### Task to complete
Transcribe the records below exactly, leaving out any pictures.

Collection entries
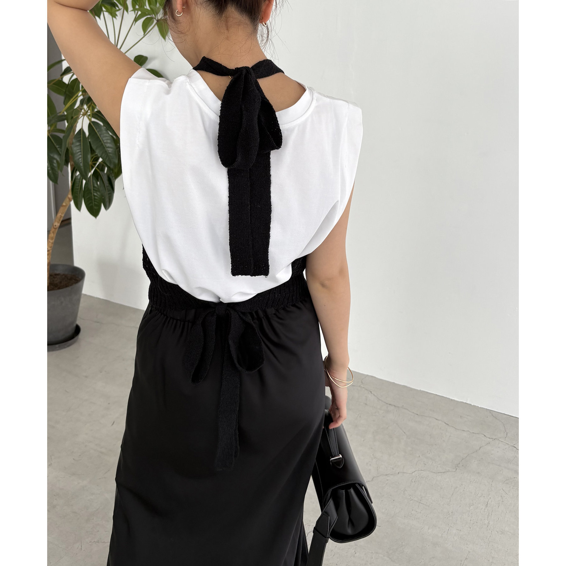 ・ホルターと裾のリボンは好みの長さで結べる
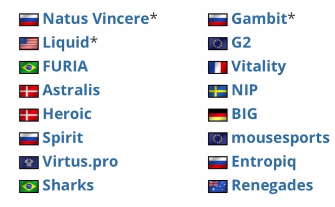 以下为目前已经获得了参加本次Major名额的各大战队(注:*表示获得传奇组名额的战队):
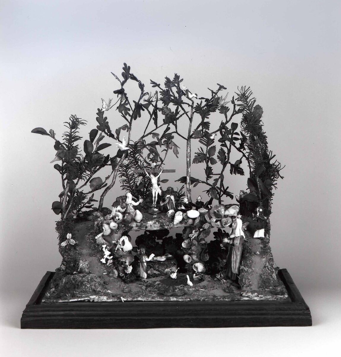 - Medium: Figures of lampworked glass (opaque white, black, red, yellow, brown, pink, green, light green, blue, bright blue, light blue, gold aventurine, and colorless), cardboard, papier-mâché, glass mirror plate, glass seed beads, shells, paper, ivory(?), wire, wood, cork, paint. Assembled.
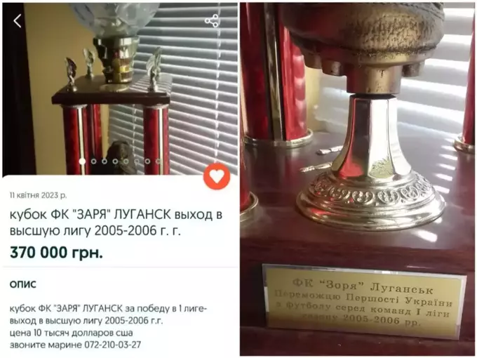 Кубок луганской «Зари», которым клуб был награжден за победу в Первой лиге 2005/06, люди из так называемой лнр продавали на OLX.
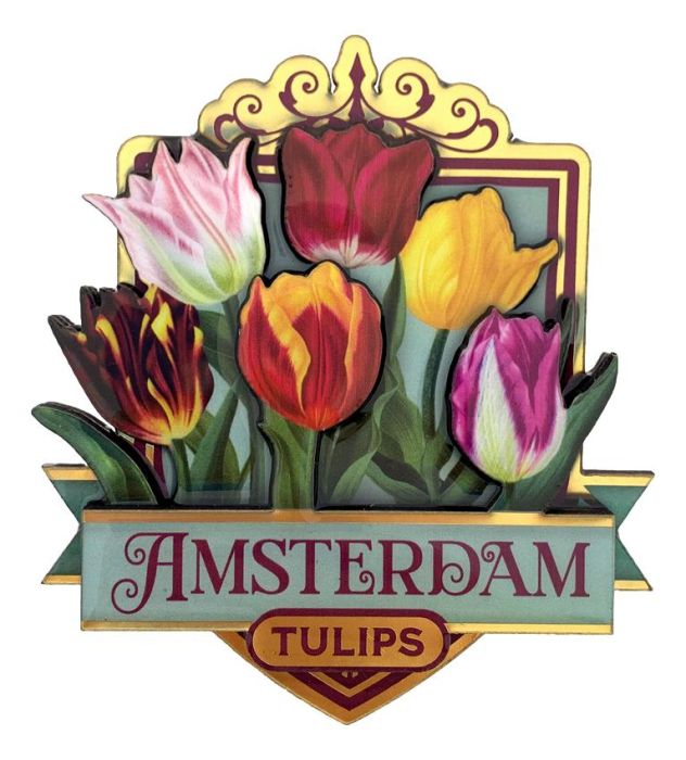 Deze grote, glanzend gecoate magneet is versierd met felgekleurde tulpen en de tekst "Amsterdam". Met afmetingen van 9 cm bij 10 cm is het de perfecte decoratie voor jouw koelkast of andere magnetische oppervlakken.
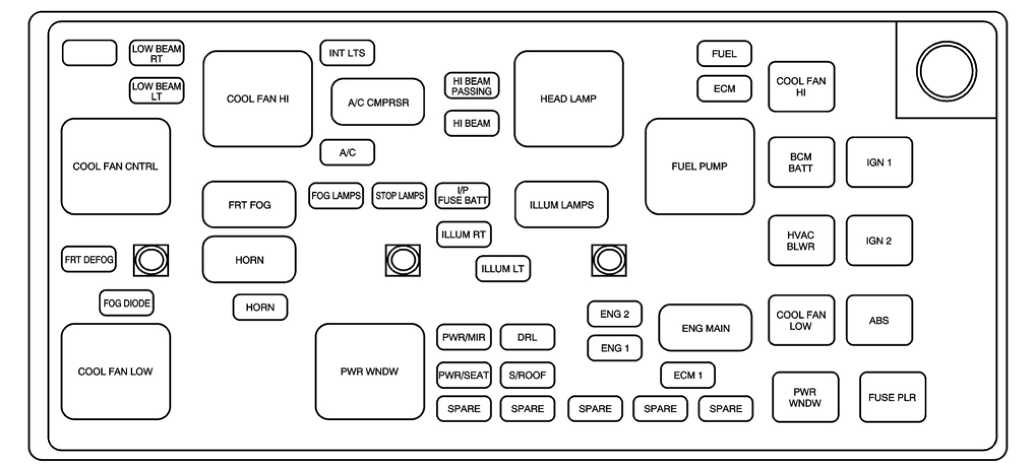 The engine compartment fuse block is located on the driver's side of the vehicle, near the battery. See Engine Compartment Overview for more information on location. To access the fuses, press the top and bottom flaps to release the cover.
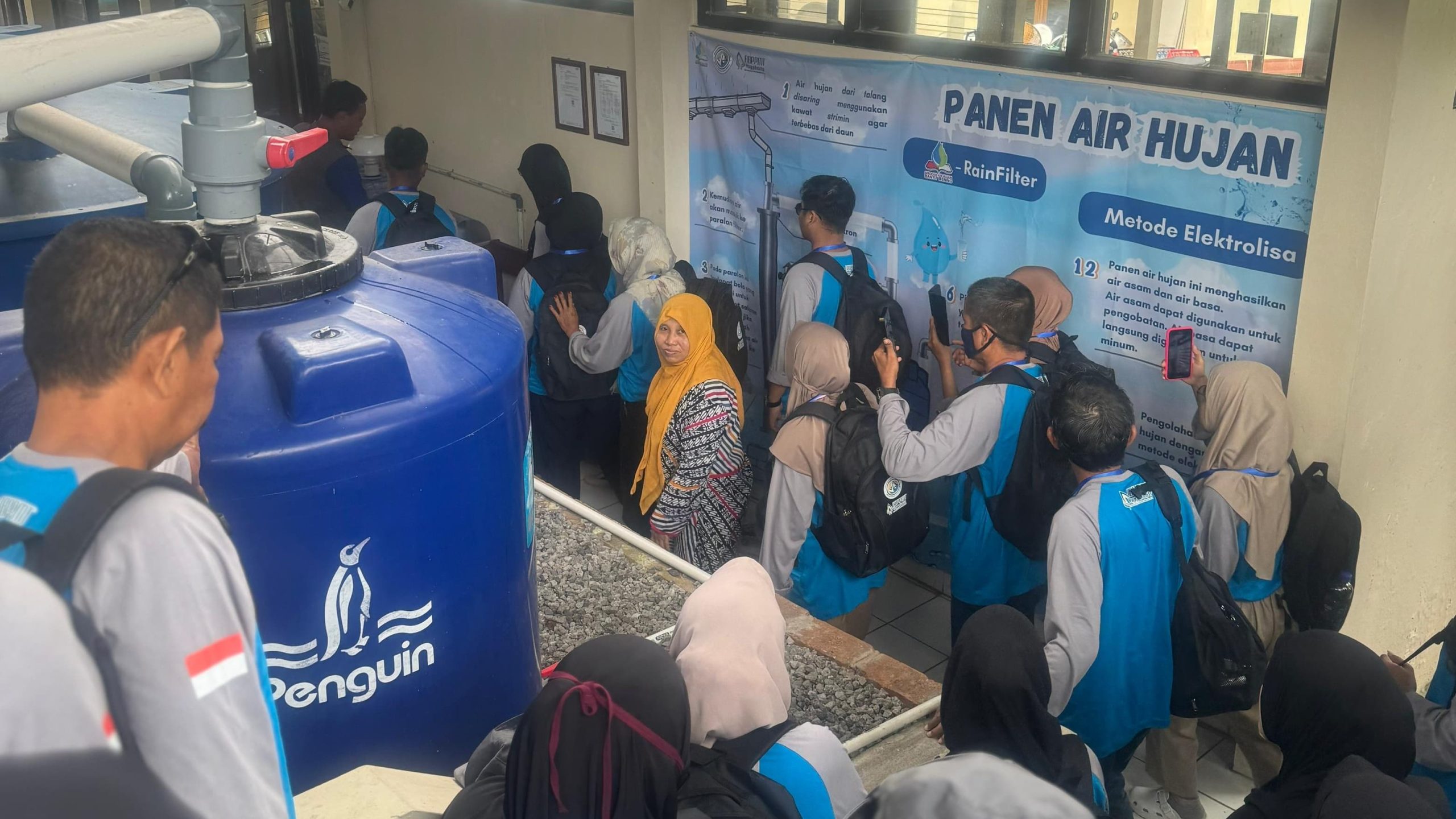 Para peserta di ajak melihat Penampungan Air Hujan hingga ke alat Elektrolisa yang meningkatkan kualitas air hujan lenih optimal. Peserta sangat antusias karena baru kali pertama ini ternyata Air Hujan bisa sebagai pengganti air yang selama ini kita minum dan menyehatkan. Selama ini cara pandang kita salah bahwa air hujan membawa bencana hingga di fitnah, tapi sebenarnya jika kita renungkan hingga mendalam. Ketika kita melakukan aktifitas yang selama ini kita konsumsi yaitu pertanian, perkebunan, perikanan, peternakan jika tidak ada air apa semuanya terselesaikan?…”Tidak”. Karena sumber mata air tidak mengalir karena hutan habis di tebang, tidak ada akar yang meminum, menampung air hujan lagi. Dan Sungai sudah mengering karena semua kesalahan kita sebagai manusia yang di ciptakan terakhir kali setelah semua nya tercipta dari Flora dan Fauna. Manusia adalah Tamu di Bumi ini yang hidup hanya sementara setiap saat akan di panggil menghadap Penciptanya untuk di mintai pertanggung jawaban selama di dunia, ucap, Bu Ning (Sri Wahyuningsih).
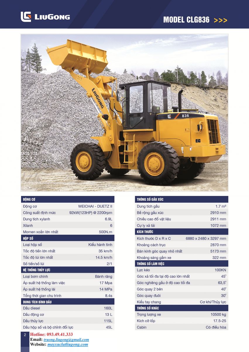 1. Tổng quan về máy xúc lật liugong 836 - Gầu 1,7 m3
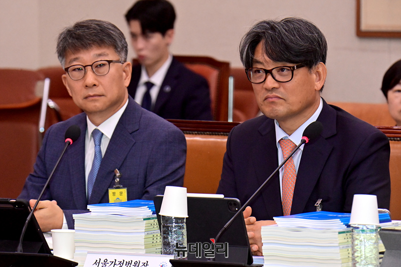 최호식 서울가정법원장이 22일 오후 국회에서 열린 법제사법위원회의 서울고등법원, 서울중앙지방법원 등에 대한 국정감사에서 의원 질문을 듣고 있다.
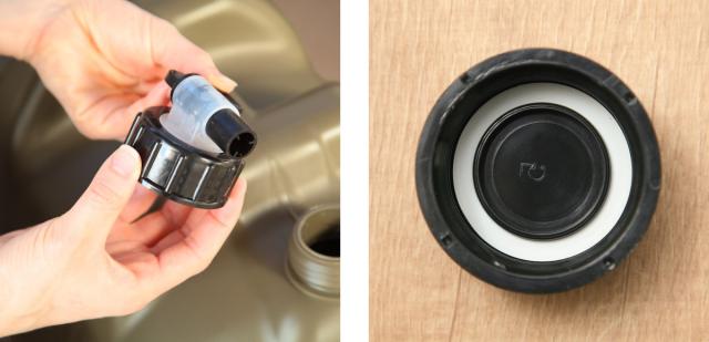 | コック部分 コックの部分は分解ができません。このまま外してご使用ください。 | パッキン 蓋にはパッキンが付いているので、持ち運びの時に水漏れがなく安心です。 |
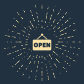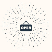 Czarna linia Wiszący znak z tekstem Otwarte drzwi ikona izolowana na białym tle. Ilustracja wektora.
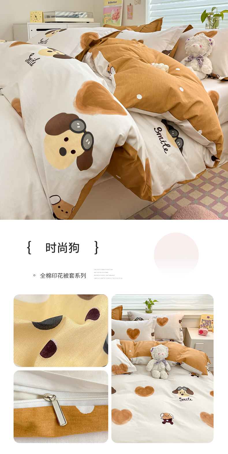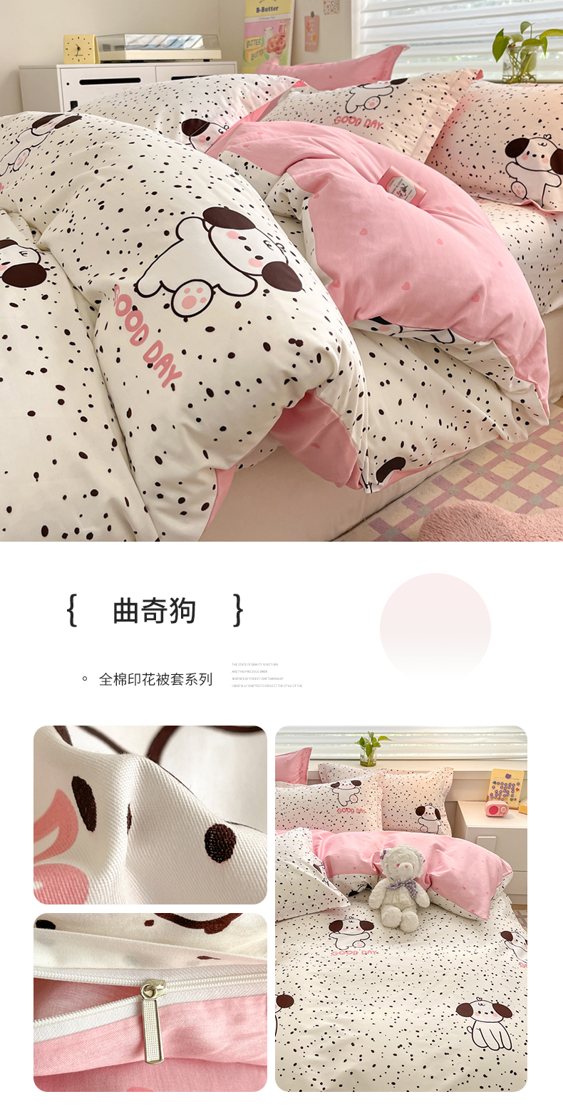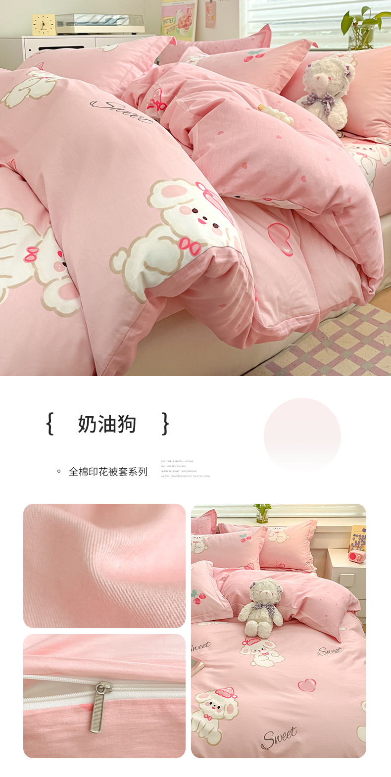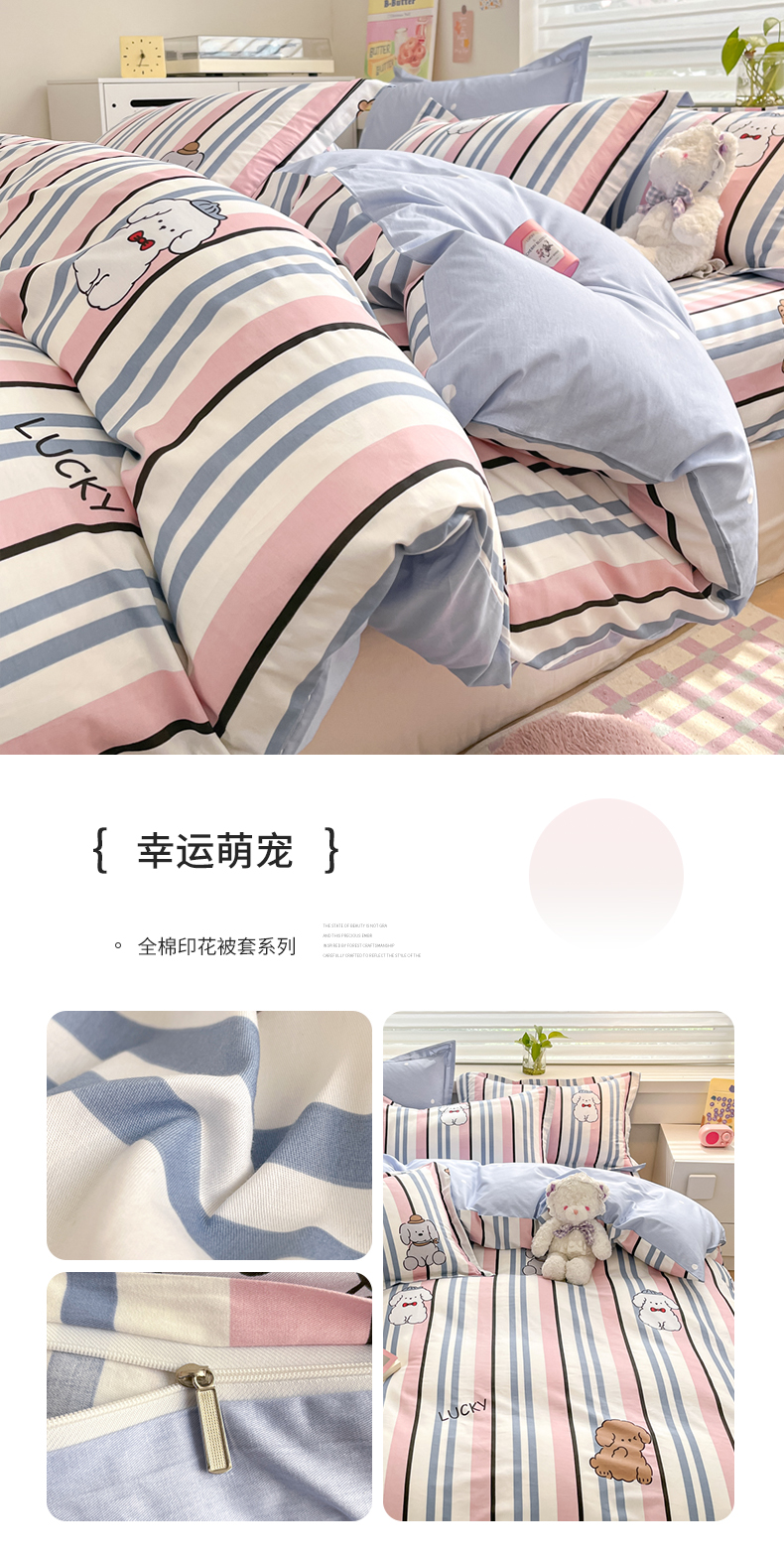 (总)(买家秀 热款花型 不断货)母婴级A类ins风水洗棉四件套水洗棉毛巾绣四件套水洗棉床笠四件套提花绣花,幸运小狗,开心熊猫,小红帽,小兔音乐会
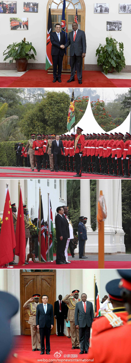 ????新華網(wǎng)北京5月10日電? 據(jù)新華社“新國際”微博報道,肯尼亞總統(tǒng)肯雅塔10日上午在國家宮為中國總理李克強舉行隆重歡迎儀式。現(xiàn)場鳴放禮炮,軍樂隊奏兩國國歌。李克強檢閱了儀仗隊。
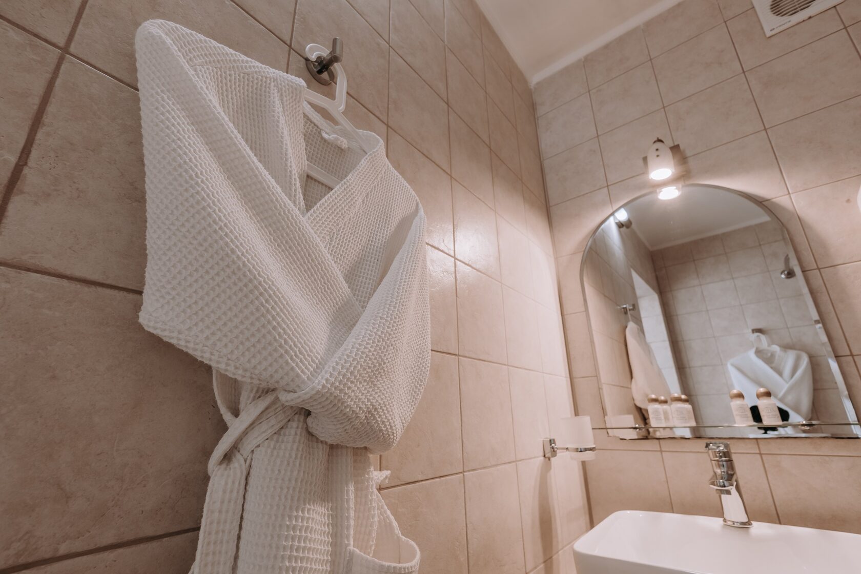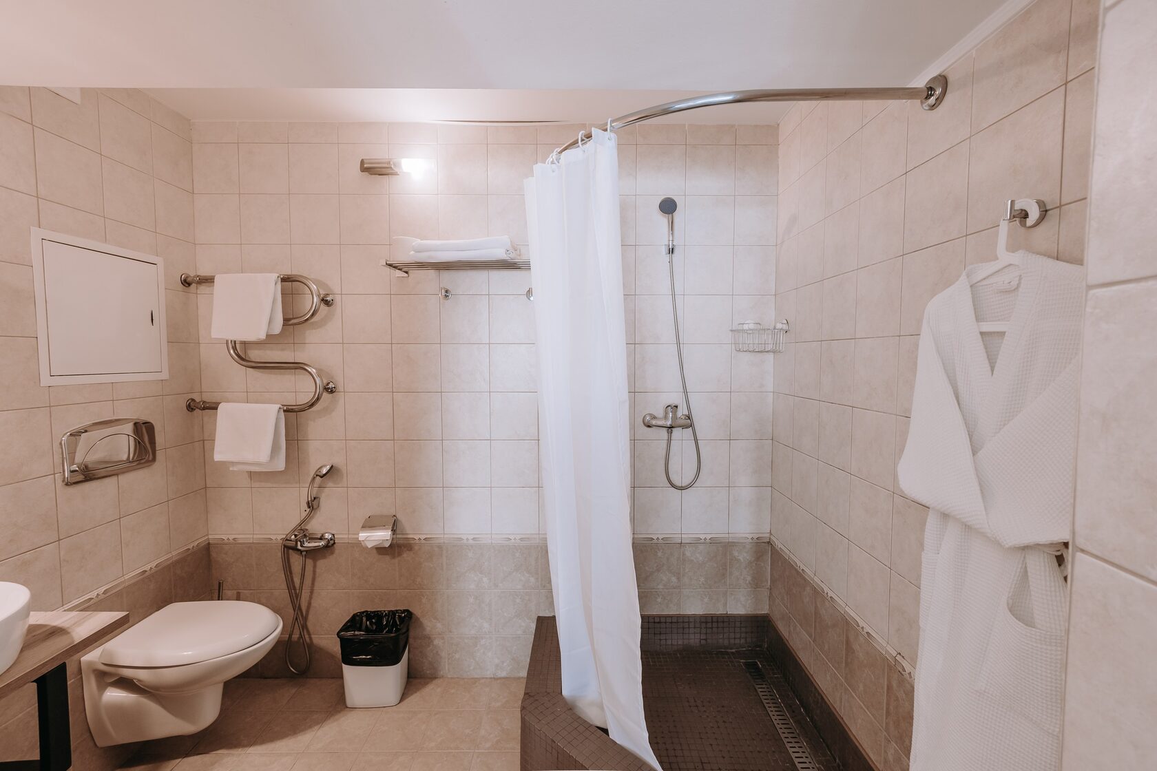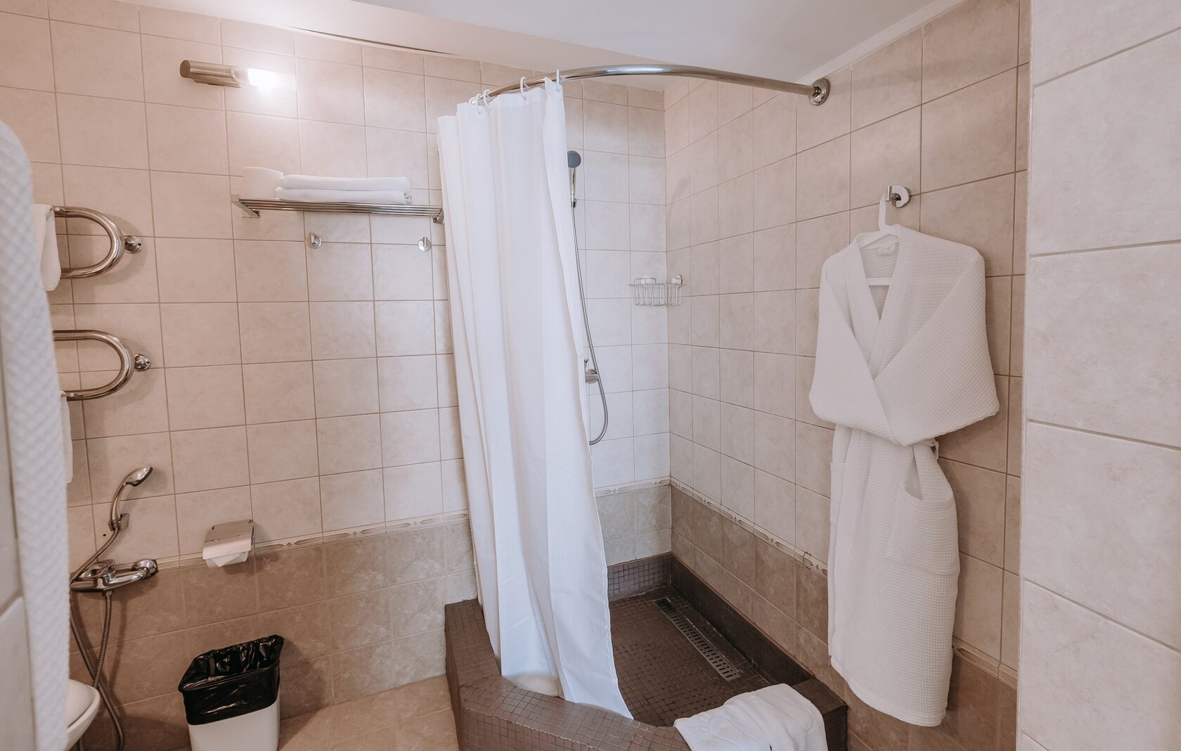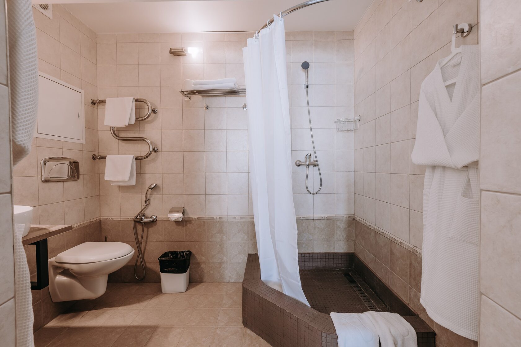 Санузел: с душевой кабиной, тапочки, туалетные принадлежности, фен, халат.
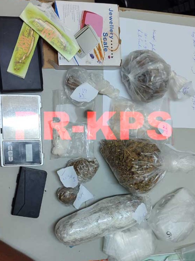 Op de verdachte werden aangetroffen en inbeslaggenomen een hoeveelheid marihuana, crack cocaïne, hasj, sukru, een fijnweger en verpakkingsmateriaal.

### Result for this exercise
 ・ホルターと裾のリボンは好みの長さで結べる
 以下为目前已经获得了参加本次Major名额的各大战队(注:*表示获得传奇组名额的战队):
 - Medium: Figures of lampworked glass (opaque white, black, red, yellow, brown, pink, green, light green, blue, bright blue, light blue, gold aventurine, and colorless), cardboard, papier-mâché, glass mirror plate, glass seed beads, shells, paper, ivory(?), wire, wood, cork, paint. Assembled.
 Кубок луганской «Зари», которым клуб был награжден за победу в Первой лиге 2005/06, люди из так называемой лнр продавали на OLX.
 Deze grote, glanzend gecoate magneet is versierd met felgekleurde tulpen en de tekst "Amsterdam". Met afmetingen van 9 cm bij 10 cm is het de perfecte decoratie voor jouw koelkast of andere magnetische oppervlakken.
 The engine compartment fuse block is located on the driver's side of the vehicle, near the battery. See Engine Compartment Overview for more information on location. To access the fuses, press the top and bottom flaps to release the cover.
 Para peserta di ajak melihat Penampungan Air Hujan hingga ke alat Elektrolisa yang meningkatkan kualitas air hujan lenih optimal. Peserta sangat antusias karena baru kali pertama ini ternyata Air Hujan bisa sebagai pengganti air yang selama ini kita minum dan menyehatkan. Selama ini cara pandang kita salah bahwa air hujan membawa bencana hingga di fitnah, tapi sebenarnya jika kita renungkan hingga mendalam. Ketika kita melakukan aktifitas yang selama ini kita konsumsi yaitu pertanian, perkebunan, perikanan, peternakan jika tidak ada air apa semuanya terselesaikan?…”Tidak”. Karena sumber mata air tidak mengalir karena hutan habis di tebang, tidak ada akar yang meminum, menampung air hujan lagi. Dan Sungai sudah mengering karena semua kesalahan kita sebagai manusia yang di ciptakan terakhir kali setelah semua nya tercipta dari Flora dan Fauna. Manusia adalah Tamu di Bumi ini yang hidup hanya sementara setiap saat akan di panggil menghadap Penciptanya untuk di mintai pertanggung jawaban selama di dunia, ucap, Bu Ning (Sri Wahyuningsih).
 1. Tổng quan về máy xúc lật liugong 836 - Gầu 1,7 m3
 최호식 서울가정법원장이 22일 오후 국회에서 열린 법제사법위원회의 서울고등법원, 서울중앙지방법원 등에 대한 국정감사에서 의원 질문을 듣고 있다.
 | コック部分 コックの部分は分解ができません。このまま外してご使用ください。 | パッキン 蓋にはパッキンが付いているので、持ち運びの時に水漏れがなく安心です。 |
 Czarna linia Wiszący znak z tekstem Otwarte drzwi ikona izolowana na białym tle. Ilustracja wektora.
 (总)(买家秀 热款花型 不断货)母婴级A类ins风水洗棉四件套水洗棉毛巾绣四件套水洗棉床笠四件套提花绣花,幸运小狗,开心熊猫,小红帽,小兔音乐会
 ????新華網(wǎng)北京5月10日電? 據(jù)新華社“新國際”微博報道,肯尼亞總統(tǒng)肯雅塔10日上午在國家宮為中國總理李克強舉行隆重歡迎儀式。現(xiàn)場鳴放禮炮,軍樂隊奏兩國國歌。李克強檢閱了儀仗隊。
 Санузел: с душевой кабиной, тапочки, туалетные принадлежности, фен, халат.
 Op de verdachte werden aangetroffen en inbeslaggenomen een hoeveelheid marihuana, crack cocaïne, hasj, sukru, een fijnweger en verpakkingsmateriaal.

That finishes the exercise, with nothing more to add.